A questo punto ti curi del bootloader e della configurazione di X, sono le ultime cose.

Ti ripeto che per fare il boot da una unità rimovibile è meglio rivolgersi a lilo (o al massimo grub2) in alternativa (od in aggiunta) cerca come fare chainloading con grub (in pratica il grub della debian carica il lilo od il grub della gentoo). Devi usare l'immagine di avvio e devi usare le label o gli UUID.

Per fare le prime prove potresti pensare di copiare kernel .map e initrd di gentoo nella directory di boot della debian ed avviare da li (ed anche per configurare il boot di debian puoi comodamente usare gli strumenti grafici che hai a disposizione).

gentoo richiede un cambio di mentalità.

Se non capisci qualcosa di quello che ho scritto prima cerchi su google e dopo chiedi ulteriori ragguagli.

Se non sai cosa è un uuid prima cerchi

http://vicsteele.wordpress.com/2008/01/23/uuid-lalternativa-rilevazione-delle-periferiche-su-ubuntu-debian-e-possibile-soluzione-a-problemi-con-la-swap/

http://wiki.ubuntu-it.org/AmministrazioneSistema/Fstab

http://en.wikipedia.org/wiki/UUID

e poi chiedi ulteriori lumi se qualcosa non ti è chiaro.

----------

## quasar2012

ok risponderò fra circa 4 mesi se tutto va bene!!!

----------

## djinnZ

Quasi dimenticavo:accendere un mutuo a tasso variabile per pagare la bolletta dell'elettricità,informare sull'eventuale presenza di mogli/fidanzate,stipulare una assicurazione per l'esaurimento nervoso, etc.Come giustamente riportato sull'augusta ed incostebile vera fonte del sapere.

Non è per niente difficile ma devi partire con il piede giusto o ne ricaverai solo frustazione.

----------

## quasar2012

la frustrazione non fa parte di me... inizio con il primo passo -poi il secondo-poi il terzo- e cosi' via quando mi fermo rifletto trovo soluzione e riparto... la fretta non mi appartiene.  :Wink: 

La frustrazione per come rispondi credo sia molto più tua... Certo Gentoo non è amichevole, poco frilendly, ma ti apre la mente su come funzionano le cose e a me piace questo. Ammetto di aver capito il 2% di quello che hai scritto sopra.

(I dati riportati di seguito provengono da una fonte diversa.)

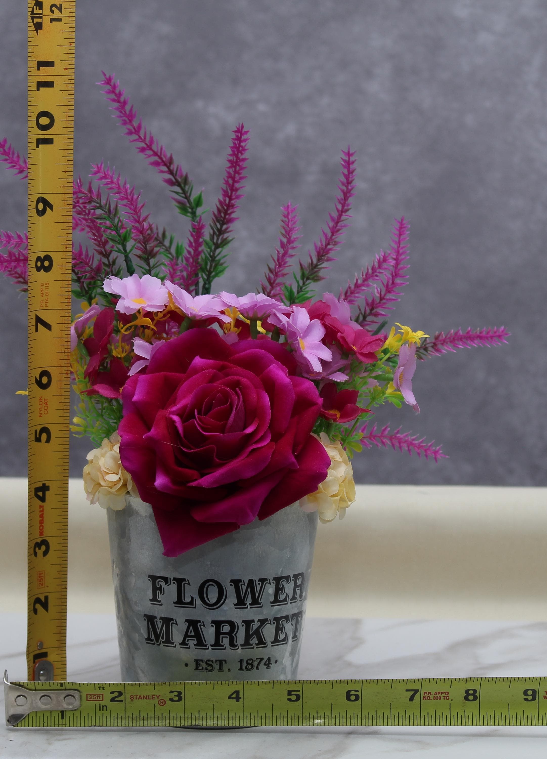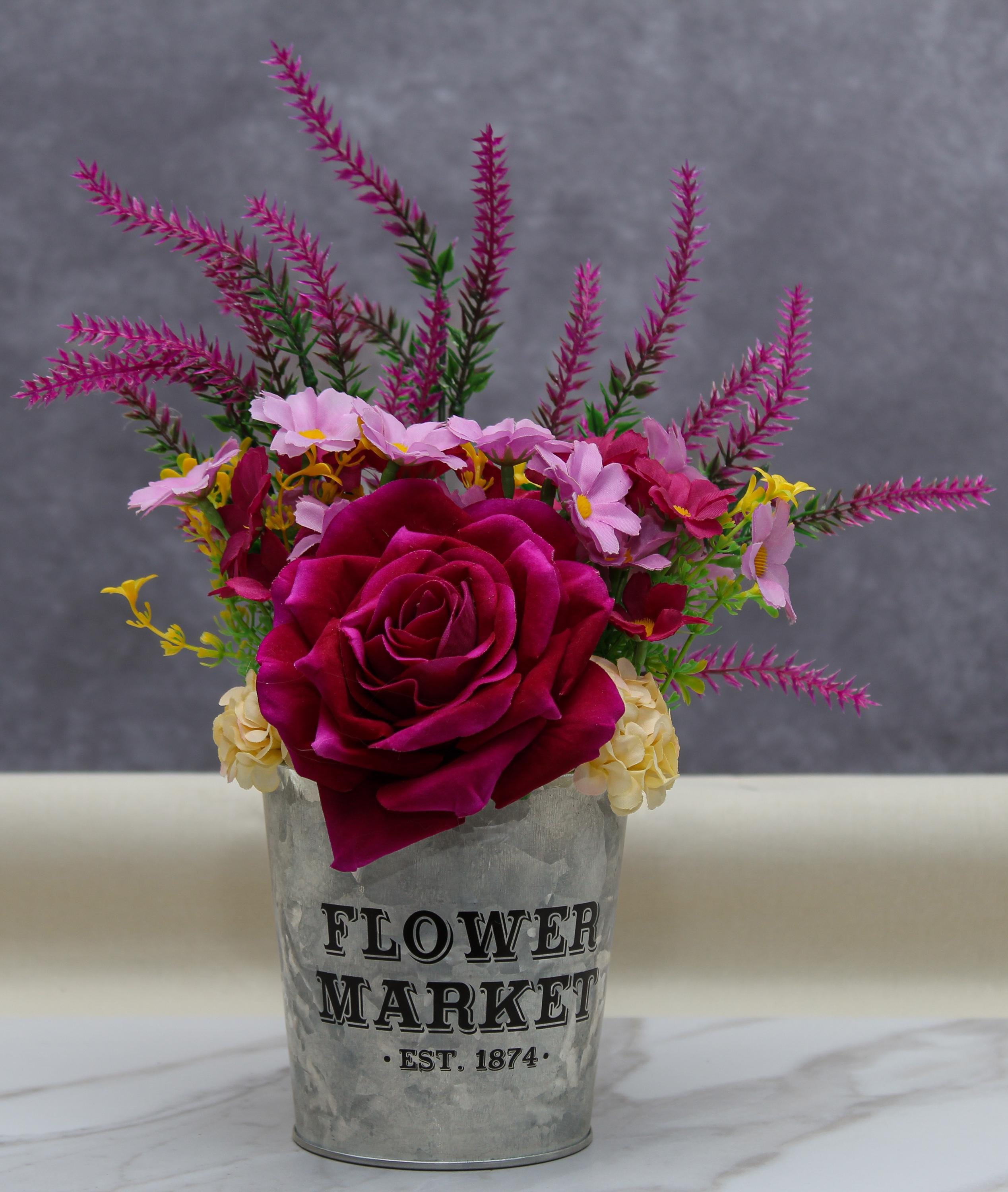 Bring a pop of romantic charm to your space with this handcrafted faux flower arrangement, designed to brighten any room and make Valentine's Day unforgettable. Featuring a stunning fuchsia rose as the centerpiece, surrounded by vibrant yellow hydrangeas, delicate daisies, and lush artificial lavender, this arrangement is set in an adorable "Flower Market" can, perfect for farmhouse and rustic decor themes.

A fra 4 mesi allora. ciao e Grazie.. Mi raccomando non dite in giro che la gente si allontana dai forum perchè non siete in grado di guidare e seguire i principianti in modo più esplicativo e  semplice. cmq dai senza polemi grazie dell'aiuto.

----------

## xveilsidex

quasar2012, non voglio difendere nessuno ma credo che quella di djinnZ non è frustrazione ma è "rottura di scatole" dovuta a gente che prima di postare non da meglio uno sguardo alle guide , non sto parlando di te, parlo in generale! A mio avviso djinnZ  ti ha risposto sempre in maniera completa anzi ti ha risparmiato la "fatica" di cercare un pò di materiale!

----------

## quasar2012

non parli di me... xò  *Quote:*   

> ti ha risparmiato la "fatica" di cercare un pò di materiale!

 

Ragazzi chi ha un forum dove ci sono persone che chiedono informazioni a profusione, ha scelto di dedicarsi a chi no sa ma deve imparare. La risposta di djinnZ è stata esaurientissima, per uno che mastica di gentoo o debian o GNU/Linux. Io dal mio canto mi diletto da non molto tempo in maniera più assidua. Le difficoltà voi le avete avute? siene nati imparati? non credo magari siete più portati a capirne di queste cose... bene io fatico a comprendere... sto avendo piccole soddisfazioni solo ora con debian e fluxbox. Quindi non ve la prendete se c'è gente che chiede altrimenti chiudete il forum e tutti amici come prima. Dai per adesso vi ringrazio ora cerco di decifrare ciò che mi ha scritto djinnZ.

ciao ciao   :Very Happy: 

----------

## xveilsidex

 *quasar2012 wrote:*   

> non parli di me... xò  *Quote:*   ti ha risparmiato la "fatica" di cercare un pò di materiale! 

 

Infatti la prima parte è in generale la seconda parte riguarda il mio parere sull'operato di djinZ! 

Cmq buona fortuna.

----------

## quasar2012

sto leggendo la guida originale, e mi sembra di aver appreso che , quella visitata da me su linuxmx sia un estratto (anche molto male estratto) della originaria. Molte cose sono omesse molti dettaggli vengono saltati come se fossero superflui ma io non saprei. Ok mi cimenterò con la guida originale, ma la cosa che mi viene in mente di continuo è come mai questo maledetto grub, compare con il suo prompt senza darmi la possibilità di far nulla? cioè mi spiego meglio. 

x djinnZ

perdonami vorresti dirmi se ho ben capito, che basterebbe editare l'/etc/fstab della mia debian inserendoci dentro l'UUID del disco esterno che contiene gentoo, aggiornare il grub di debian e così il tutto dovrebbe partire? questo vuoi suggerirmi? 

 *Quote:*   

> In modo assai spiccio:
> 
> dall'ambiente grafico che più ti aggrada partizioni e formatti (imposta le label delle partizioni, sono importanti)
> 
> monti le partizioni (/dev & C con --rbind non con --bind) esempio ha scritto: 
> ...

 

Tutto questo devo farlo da debian attaccato in wifi? ma le partizioni ormai create sul disco usb esterno devo modificarle?

----------

## djinnZ

 *quasar2012 wrote:*   

> per uno che mastica di gentoo o debian o GNU/Linux

 Esistono diverse distribuzioni che si pongono obiettivi diversi. Alcune (es. ubuntu e le dannate derivate dalla RH) sono pensate per consentire di installare ed usare il sistema senza capire niente di quello che fa, alla windozziana. Il rovescio della medaglia è che se vuoi fare una minima modifica (ad esempio installare sul disco esterno) ci ammattisci.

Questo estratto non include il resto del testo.